Nina froze, staring into space. Then she rose to her feet and embraced Joanne. “Jo, you are a fucking genius. Dick-whipped, but genius nonetheless.”

Chapter 16 — The Third Hunter Comes

Three days later Nina and Joanne were sitting on the front porch of their rented cottage, eating cupcakes the camp director's wife had baked.

“Not bad,” Nina mumbled with her mouth full. “Sam's going to love these.”

“My tummy just tingled,” Joanne grinned.

Nina shook her head. “He can be quite insufferable, you know?”

“Don't care,” Joanne chuckled through the clumps of cake in her mouth. She suddenly stood up, staring ahead in stunned silence. Her mouth was hanging open as if she had just seen a ghost.

“What's wrong?” Nina frowned, but when she followed her friend's line of sight she sighed and relaxed. Carrying on with her cupcake as if it was an everyday occurrence, she hollered, “Hey Sam!”

“'Allo, Dr. Gould!” he smiled, walking towards them in cargo pants and a tight-fit, long sleeve shirt that had Joanne swooning. With his duffle bag tossed over his back, he held the handle tight to his shoulder with one hand while the other carried his equipment bag. It had taken him all of two days to travel to Canada after Nina had contacted him about the possible existence of a hidden treasure from the personal coffers of Alexander the Great.

She had forwarded all the details and news reports she could get to Sam via e-mail, finding that he still detested technology after all this time. He had agreed to use his contacts and resources to investigate the case of Leslie Michaud and Sam had managed to dig up some fertile information pivotal to their trek.
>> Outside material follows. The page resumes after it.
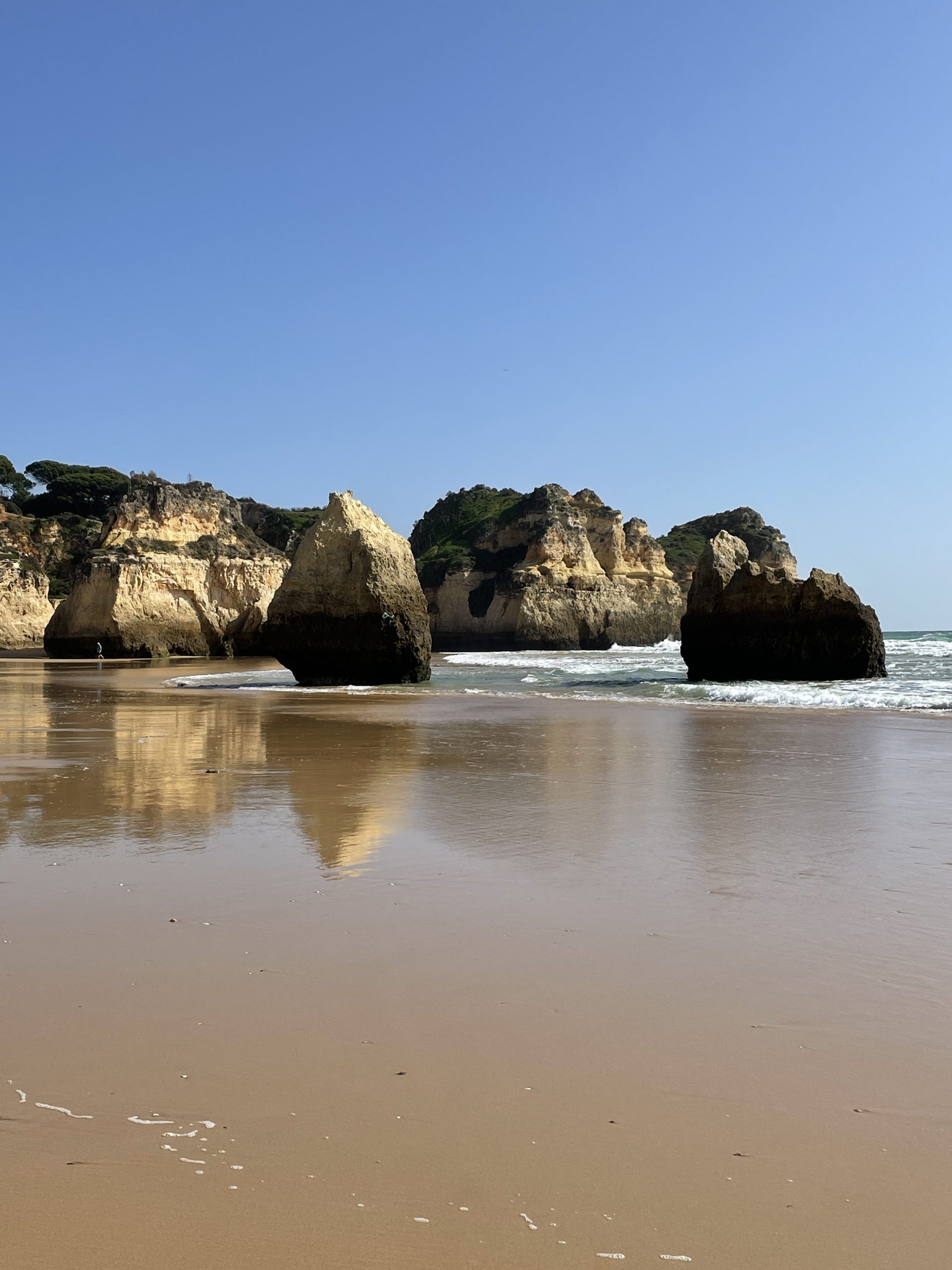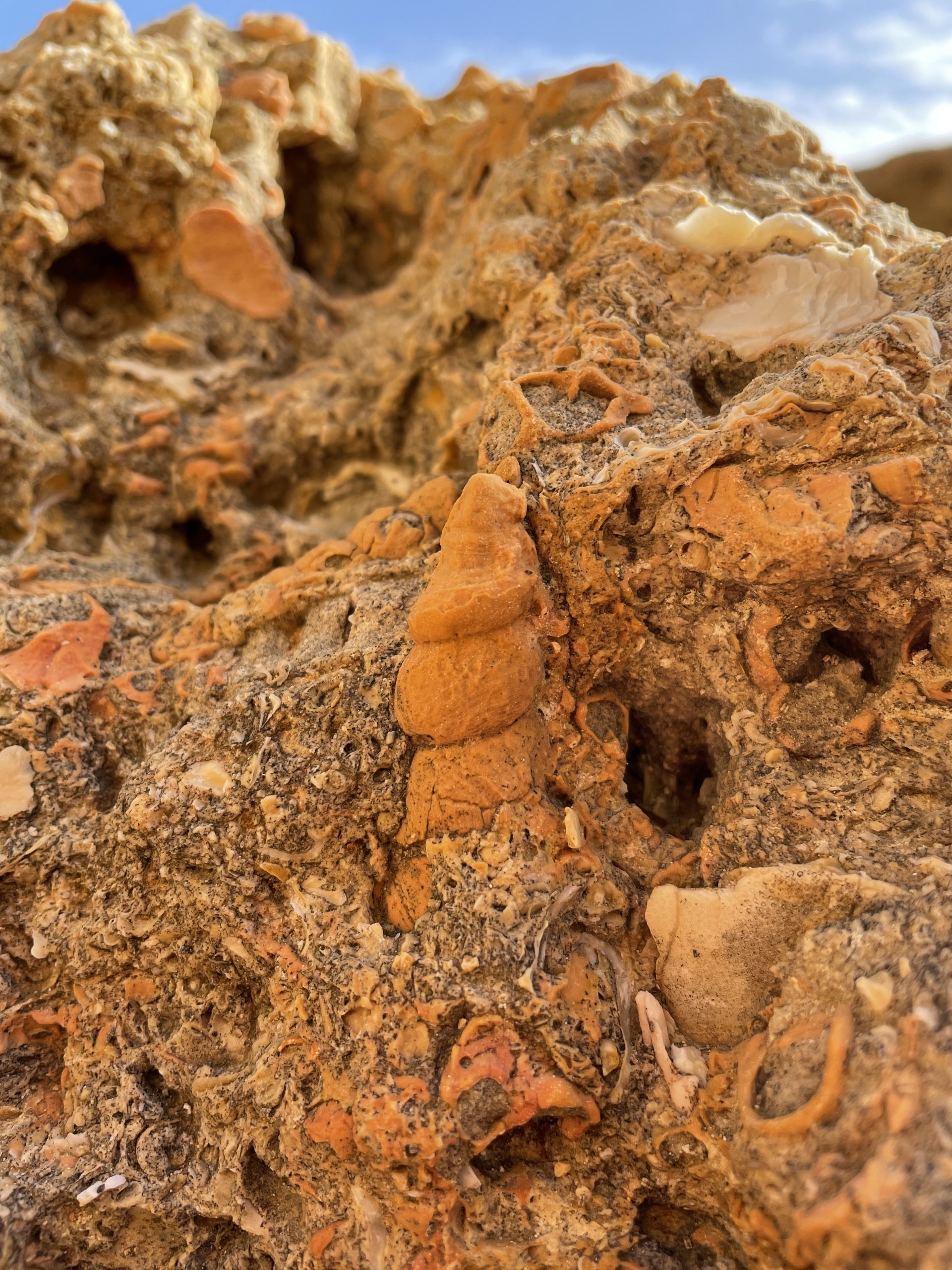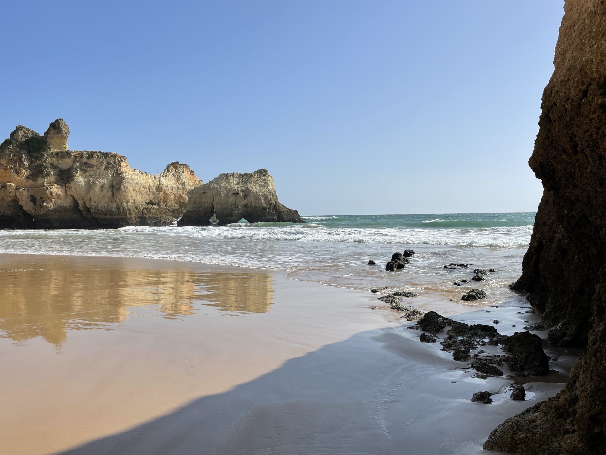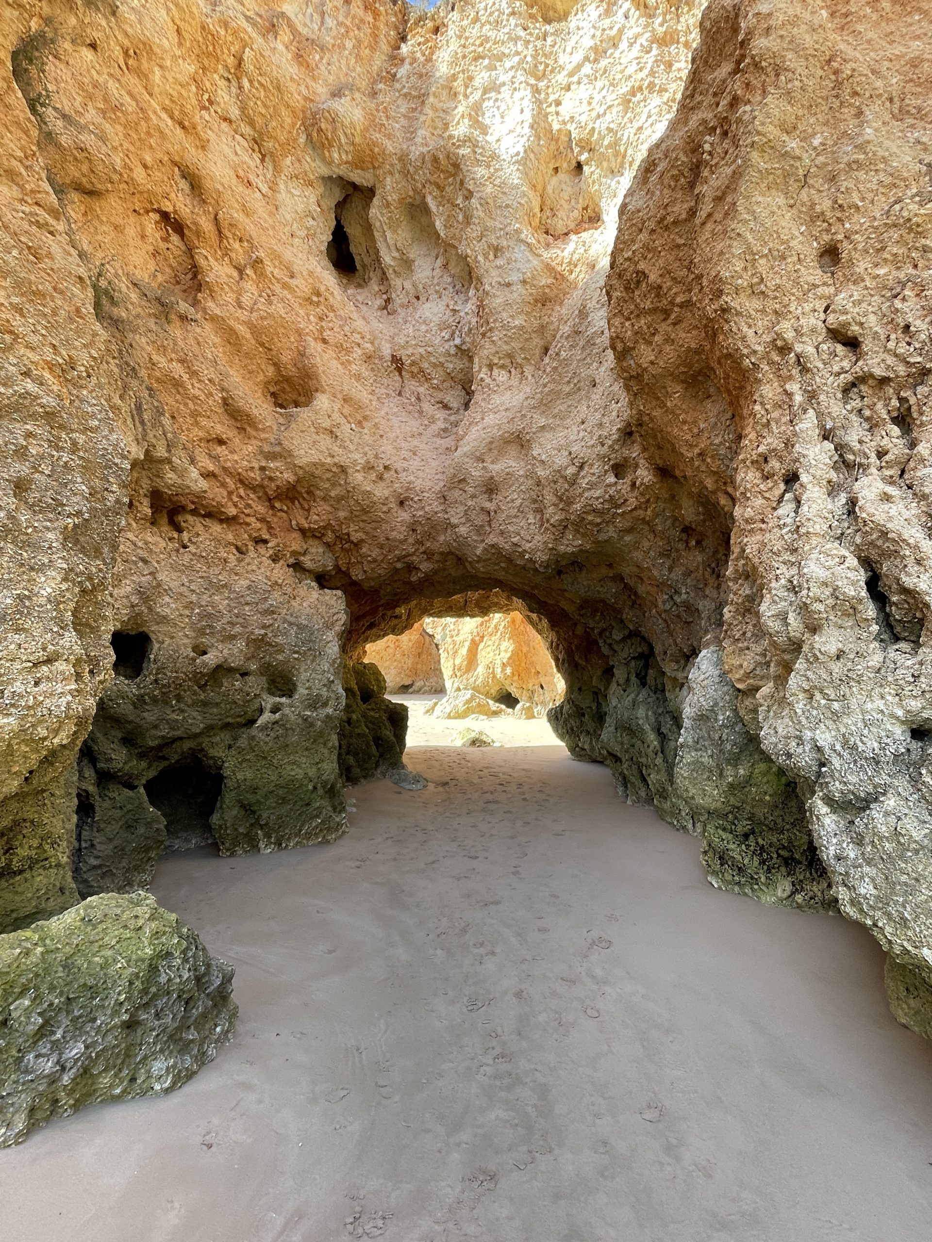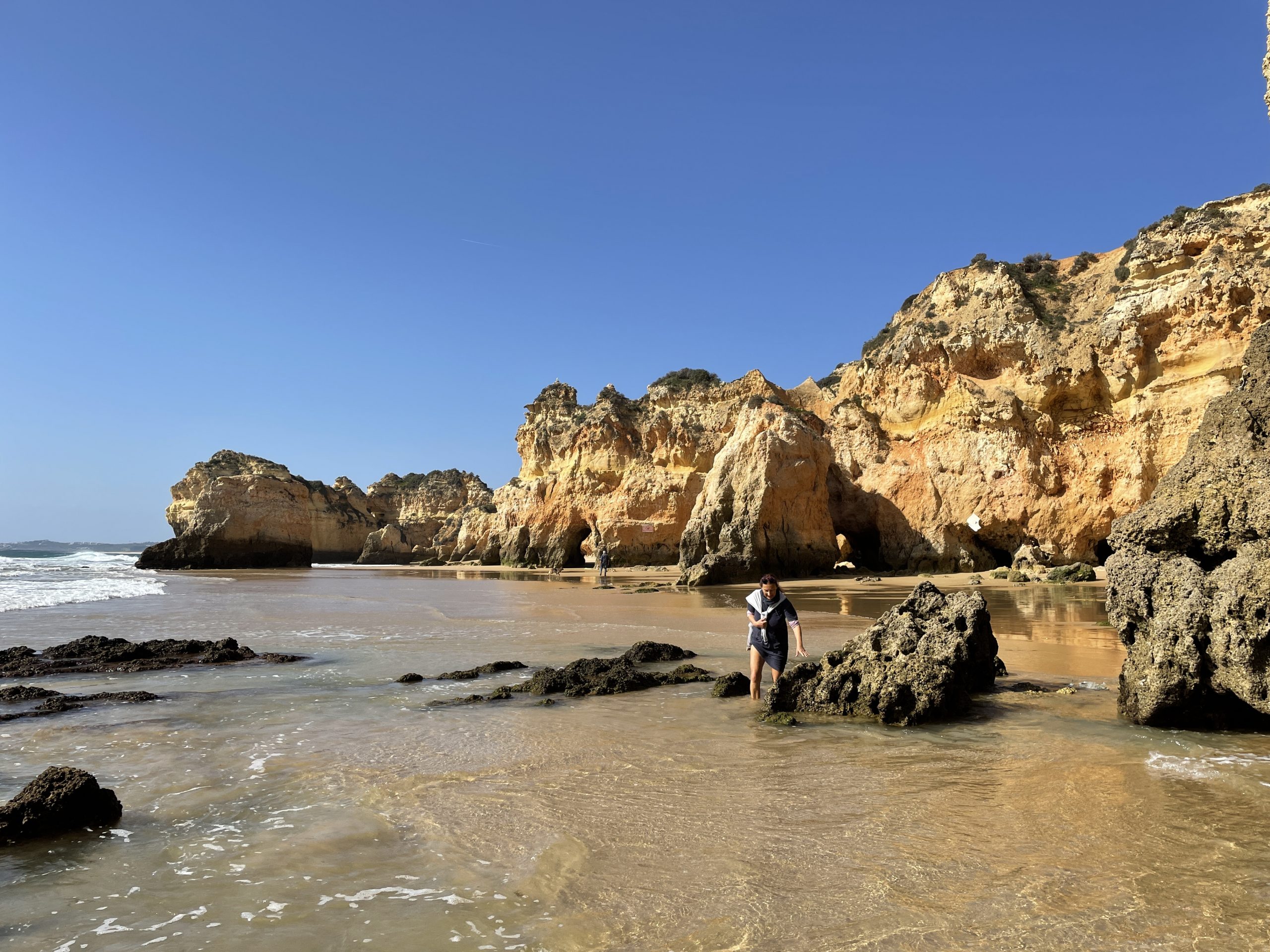 3 Wochen (!) haben wir auf dem Platz an der Steilküste Paria da Falesia verbracht. Wir standen abseits auf einem Womostellplatz, ohne Strom, weil die Solaranlage das bisschen produziert, was wir brauchen. Dadurch standen wir nur mit sehr wenigen, mit ausreichendem Abstand zueinander. Mit Sylvia und Reinhold aus Siegen haben wir uns in der Zeit auch ein bisschen angefreundet. Die beiden bleiben noch bis Ende März dort. Unten auf dem eigentlichen Platz stehen alle dicht an dicht und größtenteils auch schon wochenlang. Das wär mir nix. A) zu eng und B) wozu hab ich dann ein Wohnmobil, wenn ich damit nicht fahre? Dann wäre ich doch mit Wohnwagen besser bedient. Für Spritztouren in die Umgebung benutzen sie dann häufig Mietwagen, weil sie keine Lust haben alles immer abzubauen. Bei dem Gedöns was die alles mithaben dauert das natürlich auch eine ganze Weile. Von portables Klavier bis Thermomix. Aber dicht an dicht und Nachts hört man dort bestimmt den Nachbarn pupsen. Nene, das ist nicht unser Ding. Aber die 3 Wochen dort waren sehr schön. Wir haben irgendwie immer super Wetter und an der Steilküste und dem Meer kann man sich gar nicht satt sehen. Aber nun wurde es Zeit das wir weiterziehen. Carvoeiro hat eine total schöne Felsenküste, in der auch schöne Wege angelegt wurden. Wir sind den ganzen Tag dort rumgekrackselt und haben Millionen Fossilien in den Steinen bewundert.

“Sam Cleave, this is my old friend and fellow, Miss Joanne Earle, history teacher and treasure detector deluxe,” Nina introduced them. Sam was no stranger to female starry-eyed admirers and he could immediately see that Nina's friend thought the sun rose in his boxers. Keeping as cordial as he had to without leading her on, Sam gave her a hug, complete with the pat on the back.

What he could not deny though, was that she was very attractive. Still, he knew better than to step on Nina's toes by complimenting Joanne. Secretly the journalist was elated that he got to go looking for the remnants of Alexander the Great's wealth with two beautiful and professional women. He’d have them wrapped around his little finger from the start and his juvenile humor was going to elicit every bit of pampering from the situation possible.

“Did you sleep during the flight, at least?” Nina asked as she brought Sam a beer.

“Aye, a few hours, but it still feels like it wasn't enough,” he replied. “Thanks.” He took the beer and cracked it open with a jovial expression. “Cheers!”

Joanne toasted with him, lifting her beer festively while Nina stood behind Sam, leaning against the doorway with her cup of coffee. “When did you start drinking beer?”

“Oh,” Joanne said, trying not to pull a face at the horrid taste she’d never been able to handle since she was a teenager, “I drink the occasional beer, depending on the function.”

Nina nodded, looking impressed, regardless of the fact that she and Joanne knew the history teacher just wanted to impress Sam. Yet Joanne appreciated the fact that Nina did not judge her for it and kept her secret. The historian just smiled at her friend and winked.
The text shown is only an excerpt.